Even if one is willing to treat these very ‘cooked’ interviews as if they were
accurate reflections of the real world, the MDLP simply doesn’t provide enough
information about these ‘ordinary people’ for readers to come to any conclusions
of their own that aren’t limited to the highly localized level of the individual people
interviewed here. A handful of the book’s interviews are preceded by factoid-ish
blurbs that provide a few demographic and biographical details about the
interviewees, and the transcripts themselves occasionally contain additional clues
as to who these people are when they aren’t busy being research subjects for the
MDLP, but this sort of information appears too infrequently and inconsistently to
make any broader social or cultural patterns apparent. To be sure, the body of data
collected here is often anecdotally interesting, and it does support the MDLP’s
claim regarding the complexity of the musical terrain quite well, but ultimately
this is the only broader conclusion of any sort that these interviews render possible.
To be fair, this is undoubtedly part of the book’s point: that there are no
significant patterns to be found in the sea of data gathered by the MDLP, and that
the absence of such patterns demonstrates the folly of trying to impose overly-neat
meta-narratives on a world where they simply don’t apply. For instance, of the
approximately 150 interviews conducted for My Music, evidently no two of them
(besides those done with a few Grateful Dead fans) were sufficiently alike to fall
into readily identifiable patterns. As Keil puts it,
That is the main point of this collection of interviews. Each person is unique.
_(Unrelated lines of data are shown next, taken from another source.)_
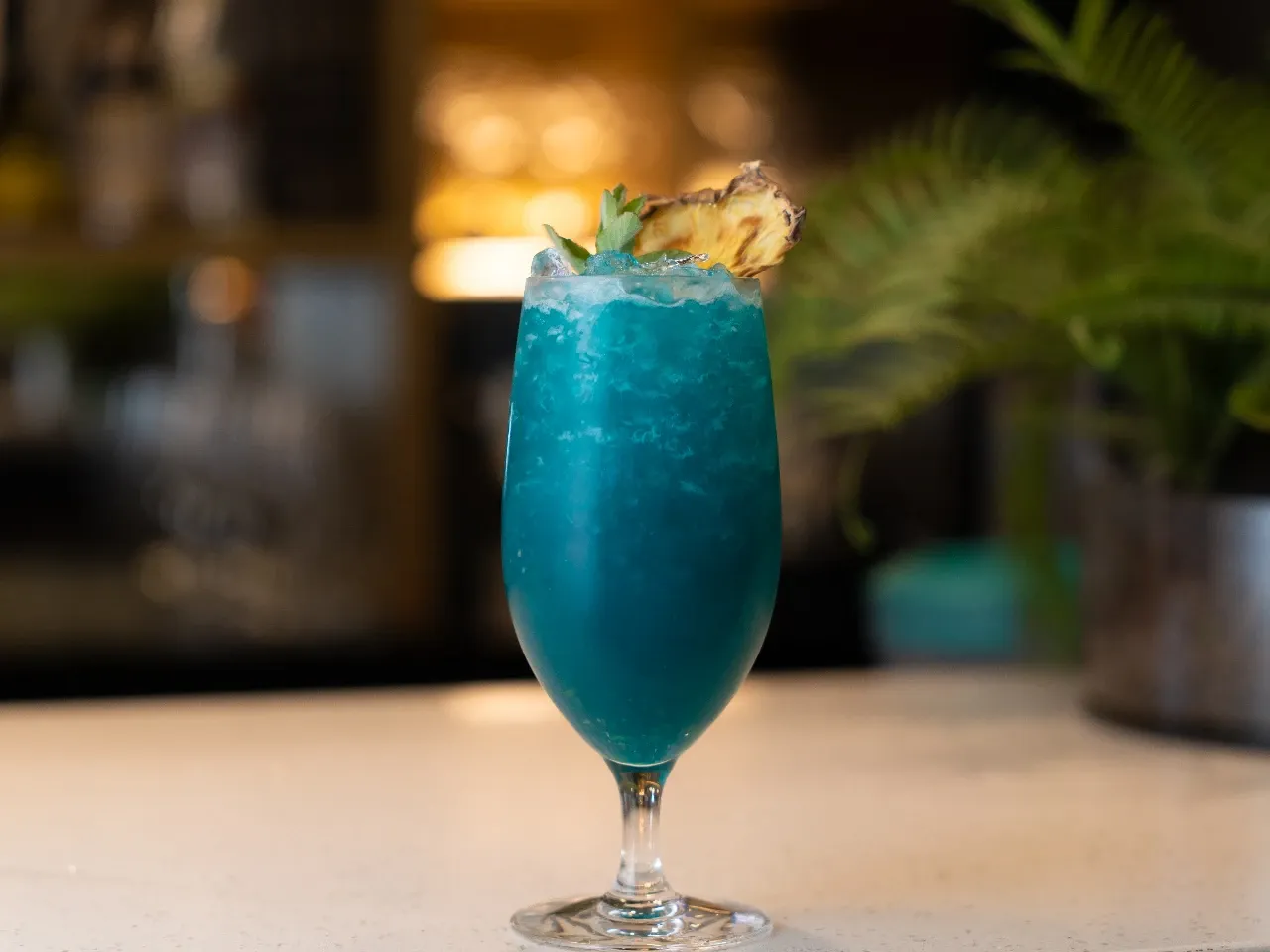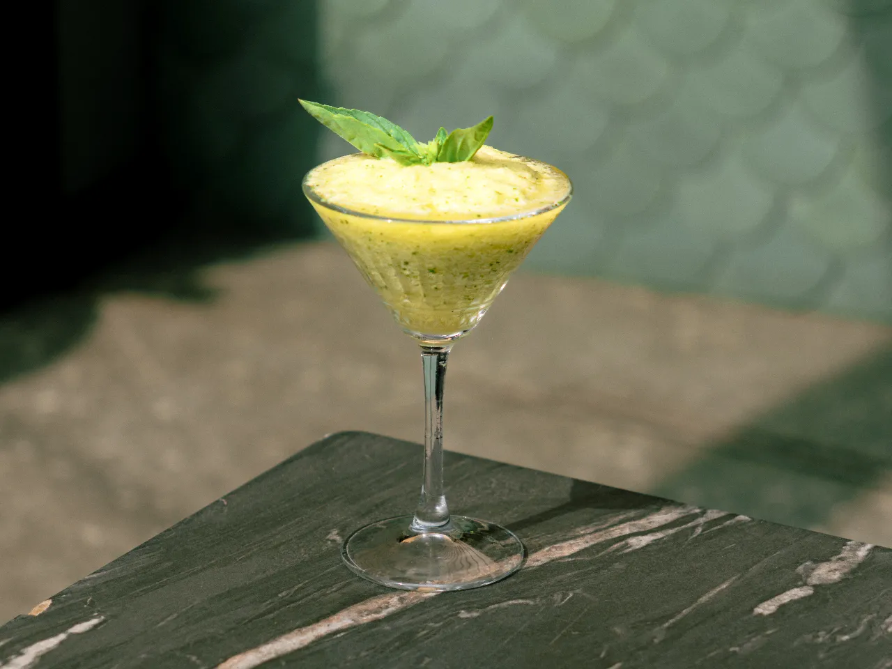 Jardín del Pisco: pisco Espíritu, pulpa de piña, limón sutil,hojas y aceite de albahaca.
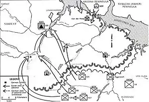 The offensive can be divided into three phases: the breakthrough of the German position, the pursuit to Kirkenes, and the battle for Kirkenes, including the southward pursuit that followed it. During the offensive several amphibious landings were conducted by naval infantry and army units.[5] Initially, the Germans' intended withdrawal was hampered by Hitler's strict orders to Rendulic to evacuate all supplies from the Petsamo region before abandoning it.[6]
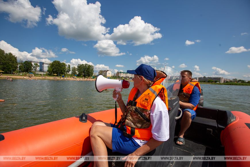 На часах полдень. На пляже Смолевичского водохранилища яблоку негде упасть. Сквозь плескание воды, задорный детский смех и гул разговоров взрослых слышится электронный голос из рупора: "Здесь купаться запрещено!" Замечание звучит с пирса, где на спасательной станции ведут наблюдение за акваторией сотрудники ОСВОД. Еще через пару минут предупреждение вновь разносится над водной гладью, а затем вдогонку за эхом громкоговорителя в сторону нарушителя мчится спасательный катер с двумя матросами на борту.

Like your fingerprints, your signature, and your voice, your choices of music
and the ways you relate to music are plural and interconnected in a pattern
that is all yours, an ‘idioculture’ or idiosyncratic culture in sound. This may
seem obvious or will seem so by the time you have read half of these
interviews, but we believe most people think of the musical tastes of others
in highly stereotyped ways that are based on layered prejudices and
prejudgments We hope this book convinces you that our musical lives are
much more complicated than that.
(p. 2)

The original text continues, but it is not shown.